Se dice que el primer amor es el que nunca olvidas, el que recuerdas con más cariño, el que te deja un poso de nostalgia para siempre. He dejado de pensar así desde que soy consciente –no hace mucho– de que el amor por una misma debería ser el primero, y suele ser el primero que olvidamos. También dicen que ese primer amor suele descubrirse en la adolescencia. En mi caso, mi “primer amor” y yo nos encontramos en la post adolescencia, ese período que va desde el fin de la rebeldía, la melancolía y el “yo sé más que tú, mamá” hasta que aprendemos –generalmente, tras desamores y fracasos vitales varios– a amarnos a nosotras mismas. Cada cuál sabrá cuánto le duró o si aún está en pleno aprendizaje.
Decía que me enamoré –el llamado enamoramiento romántico– por primera vez a los 22 años, una vez superada la adolescencia, esos años en los que me amé y me respeté menos que nunca y traté de modificarme para siempre. Esos años en los que no vivía feliz conmigo misma ni con las personas amadas. Y ahora pienso que la vida me concedió el generoso don de amar a otra persona solo cuando comencé a amarme a mí. Solo cuando dejé de boicotear mi diferencia intentando ser una igual, una como las demás –con toda la lucha inútil que eso conlleva siempre. Cuando dejé de faltarme al respeto tratando de cambiarme. Cuando dejé de despreciarme y despreciar la ayuda y el amor que me brindaban.

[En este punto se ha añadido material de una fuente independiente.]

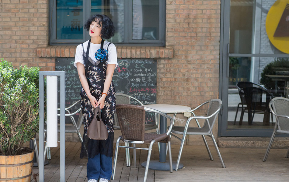 张瑶下搭牛仔喇叭裤照 整身LOOK都飘逸活泼
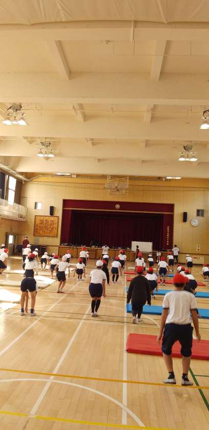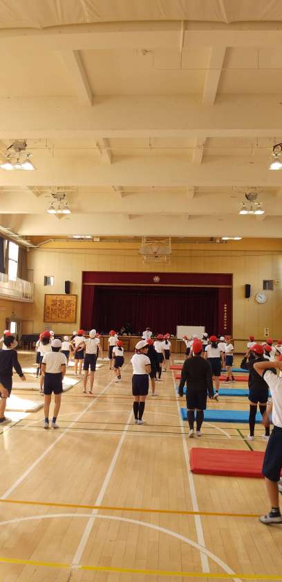 運動指導員の方に来ていただき、マット運動に取り組みました。
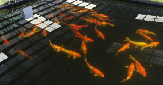 3.锦鲤类型三:优选自产锦鲤,平均体重约2公斤,体长45cm,约250尾(锦鲤在5号池塘饲养,投喂可观察)。
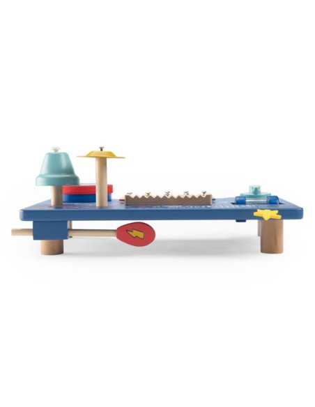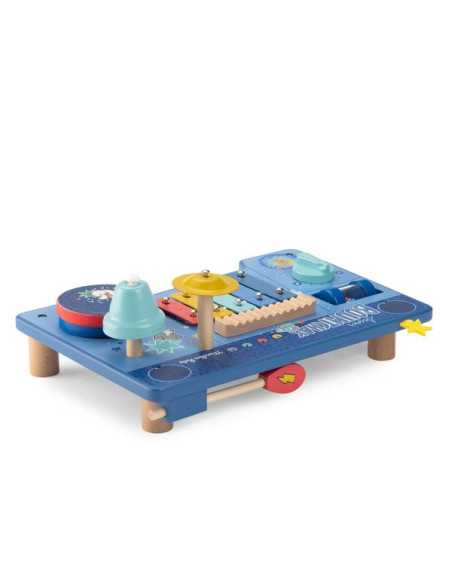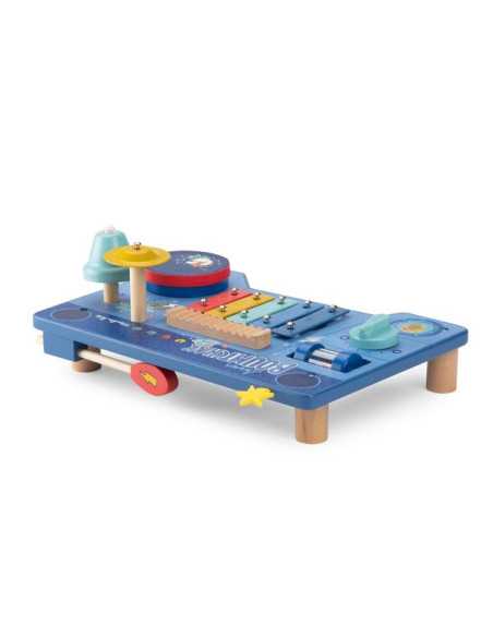 Le super boumtchak de Puce & Pilou est arrivé ! Taper sur le tambour, monter le volume, secouer les billes, faire tinter la cymbale…Une multitude d'activités à découvrir pour bébé. En bois et illustré, cette table musicale est facilement transportable.
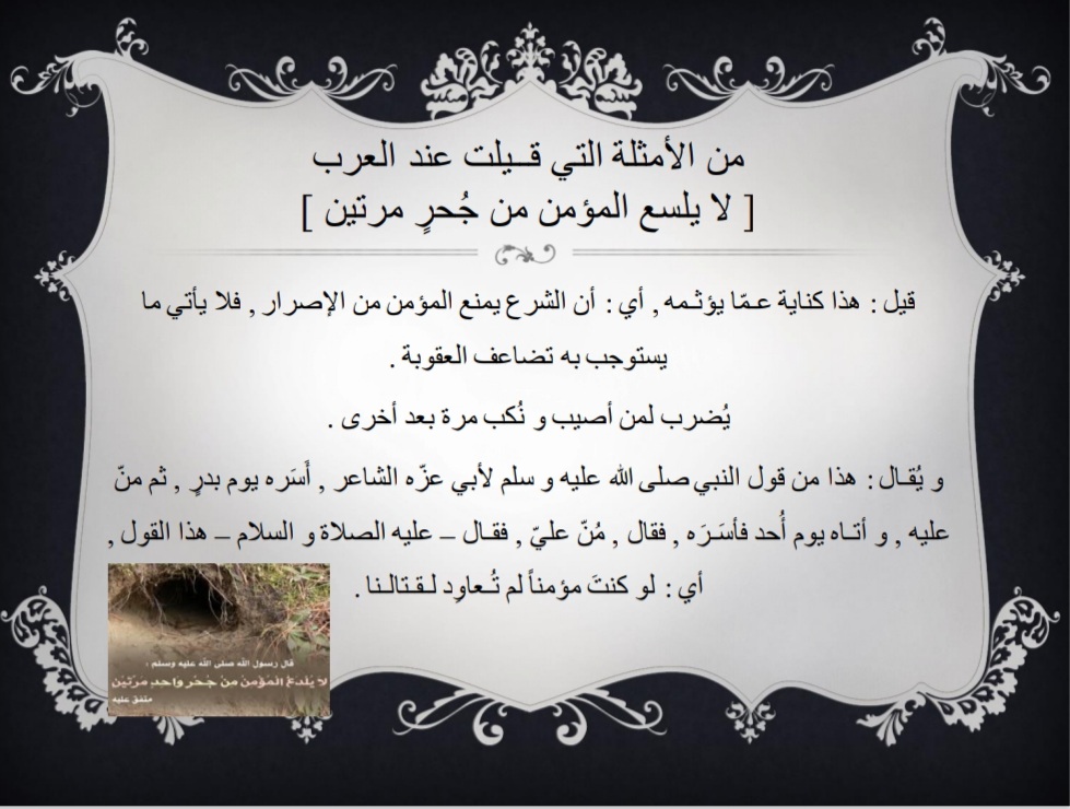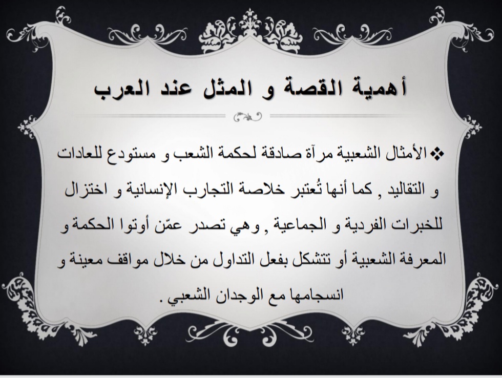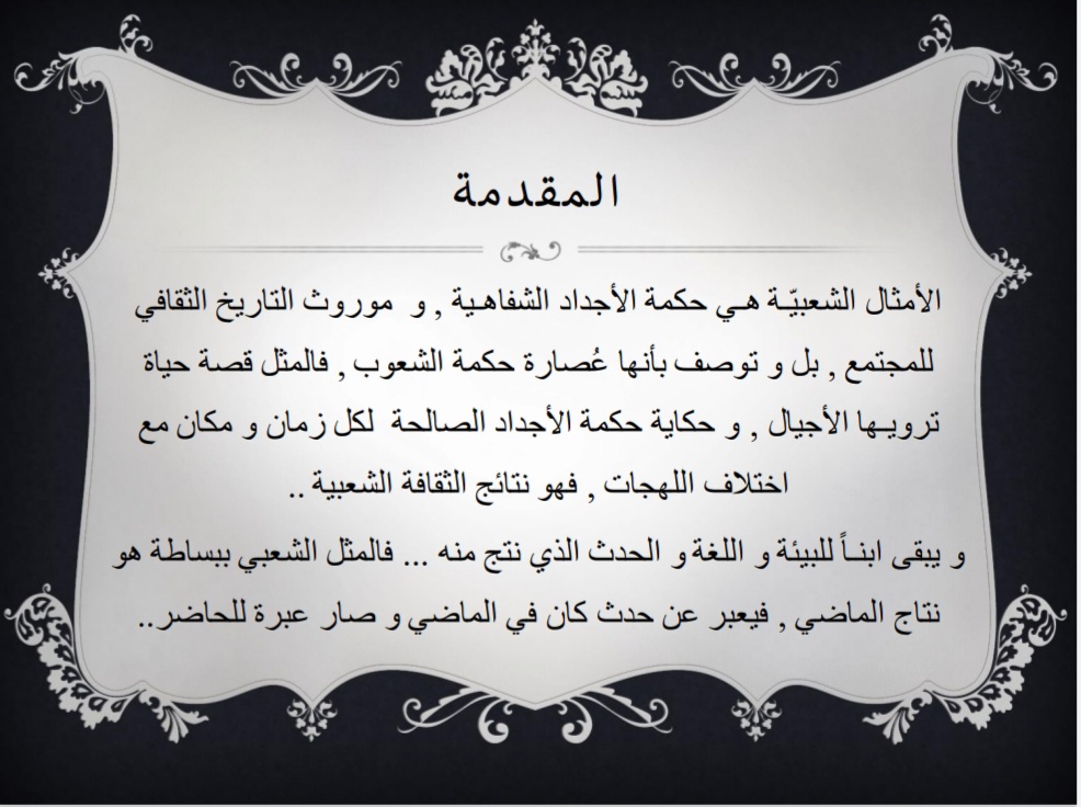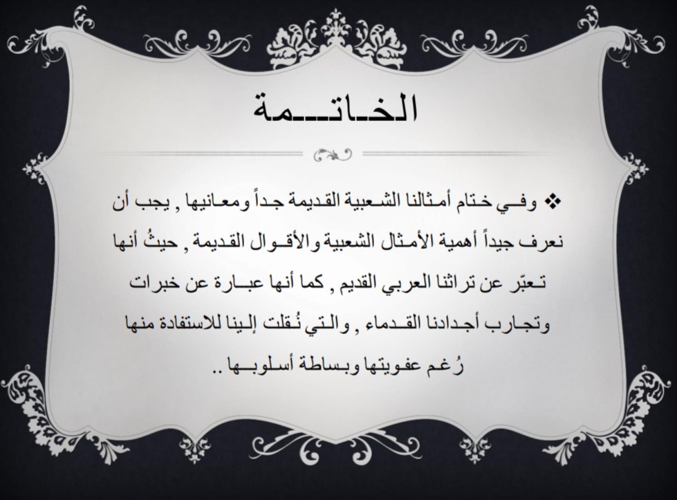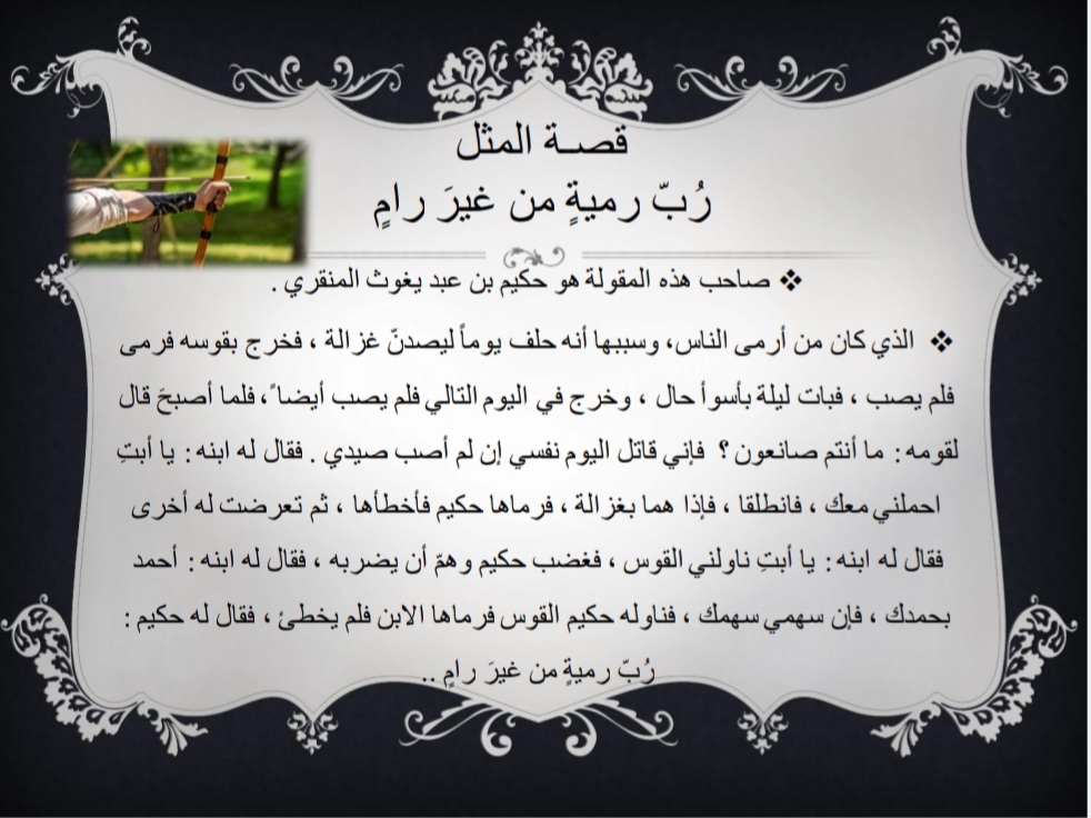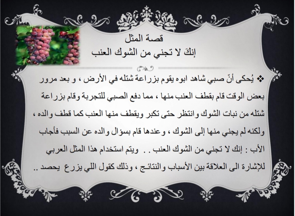 قُدم البرنامج بهدف التعريف بأهمية الأمثال العربية عند العرب كونها نوع فريد من أنواع الفنون، ثم ذكر أبرز الأمثال العربية الشائعة التي قيلت على لسان العرب، مع ذكر قصة كل مثل، واختتم البرنامج بشكر الله عز وجل ثم شكر القائمين على هذا البرنامج - طالبات التربية الميدانية، ثم شكر الحضور على حسن استماعهم.

Dicen las que son madres, entre ellas Milena, que no hay amor más incondicional, indestructible, inevitable y absoluto que el que se siente por un hijo. No puedo contradecir a tantas (amorosas) madres, principalmente porque yo no lo soy ni lo seré, con lo que no me siento capaz de prometer amor eterno –prometo que te amo hoy, pero no sé si te amaré mañana. Y teniendo en cuenta lo que mi madre ha hecho y sigue haciendo por mí, no puedo más que creérmelo a pies juntillas. Ahora la cuestión es ¿por qué no sentimos ese amor tan categórico e ilimitado por nosotras mismas? ¿Por qué no nos enamoramos perdidamente de nosotras como hacemos de nuestros hijos y, a veces, las veces más locas, de nuestras parejas? ¿Por qué lo llaman amor ciego cuando para amar, amar bien, se necesita ver con claridad todas las luces y las sombras de la persona amada?

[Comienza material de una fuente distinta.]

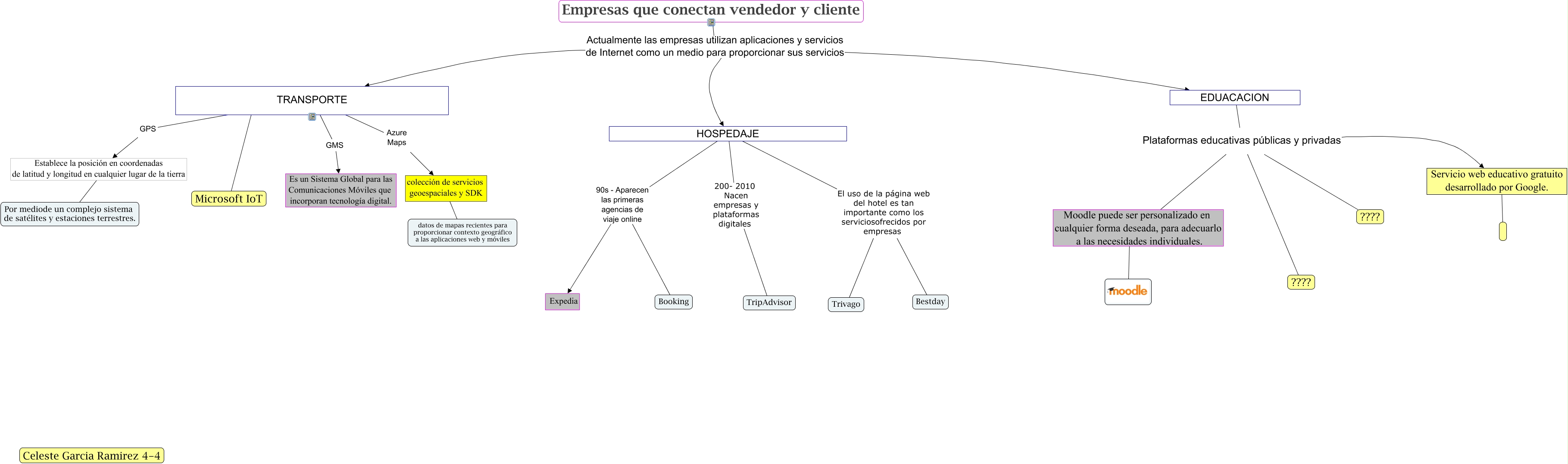 Este Cmap, tiene información relacionada con: _programa02_, EDUACACION Plataformas educativas públicas y privadas Servicio web educativo gratuito desarrollado por Google., Empresas que conectan vendedor y cliente Actualmente las empresas utilizan aplicaciones y servicios de Internet como un medio para proporcionar sus servicios HOSPEDAJE, EDUACACION Plataformas educativas públicas y privadas ????, Servicio web educativo gratuito desarrollado por Google. ????, Moodle puede ser personalizado en cualquier forma deseada, para adecuarlo a las necesidades individuales. ????, Empresas que conectan vendedor y cliente Actualmente las empresas utilizan aplicaciones y servicios de Internet como un medio para proporcionar sus servicios TRANSPORTE, HOSPEDAJE El uso de la página web del hotel es tan importante como los serviciosofrecidos por empresas Trivago, TRANSPORTE GPS Establece la posición en coordenadas de latitud y longitud en cualquier lugar de la tierra, Establece la posición en coordenadas de latitud y longitud en cualquier lugar de la tierra ???? Por mediode un complejo sistema de satélites y estaciones terrestres., HOSPEDAJE 90s - Aparecen las primeras agencias de viaje online Booking, TRANSPORTE ???? Microsoft IoT, Moodle puede ser personalizado en cualquier forma deseada, para adecuarlo a las necesidades individuales. Plataformas educativas públicas y privadas Servicio web educativo gratuito desarrollado por Google., EDUACACION Plataformas educativas públicas y privadas ????, Empresas que conectan vendedor y cliente Actualmente las empresas utilizan aplicaciones y servicios de Internet como un medio para proporcionar sus servicios EDUACACION, HOSPEDAJE 90s - Aparecen las primeras agencias de viaje online Expedia, Moodle puede ser personalizado en cualquier forma deseada, para adecuarlo a las necesidades individuales. Plataformas educativas públicas y privadas ????, HOSPEDAJE El uso de la página web del hotel es tan importante como los serviciosofrecidos por empresas Bestday, TRANSPORTE Azure Maps colección de servicios geoespaciales y SDK, HOSPEDAJE 200- 2010 Nacen empresas y plataformas digitales TripAdvisor, colección de servicios geoespaciales y SDK ???? datos de mapas recientes para proporcionar contexto geográfico a las aplicaciones web y móviles
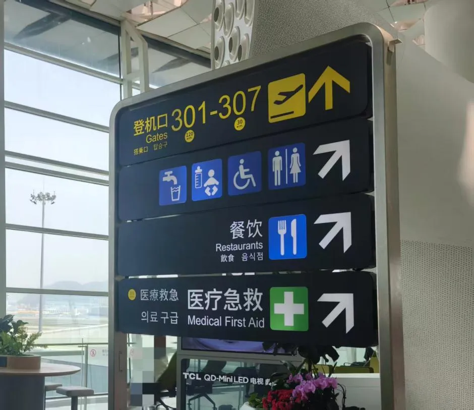 深圳市机场股份有限公司服务品质部经理张翼娜在接受记者采访时表示,在市外办、市交通局的指导下,机场在去年12月启动了多语种标识提升项目,根据国际旅客客群,在国际出发、到达等区域的标识由中英双语升级为中英日韩四语,目前已完成新标识的更换。

Como decía, es ahora, haciéndome estas preguntas cuyas respuestas suponen el broche de oro de esa etapa tan humana como imprescindible que es la post adolescencia, cuando me doy cuenta de que el primer –y último, quizá único– gran amor, el que nunca debes olvidar, el que has de recordar con más cariño y menos nostalgia, eres tú misma. Que estés en la etapa que estés, vivas con quien vivas y te enamores de quien te enamores, lo más importante es amarte. Aceptándote, respetándote y estando atenta a tus necesidades y deseos. Porque solo así, con dedicación, compasión y tolerancia hacia ti, podrás amar y vivir feliz con la persona amada, empezando por ti. Sin pretender modificarte, sin pretender modificarla.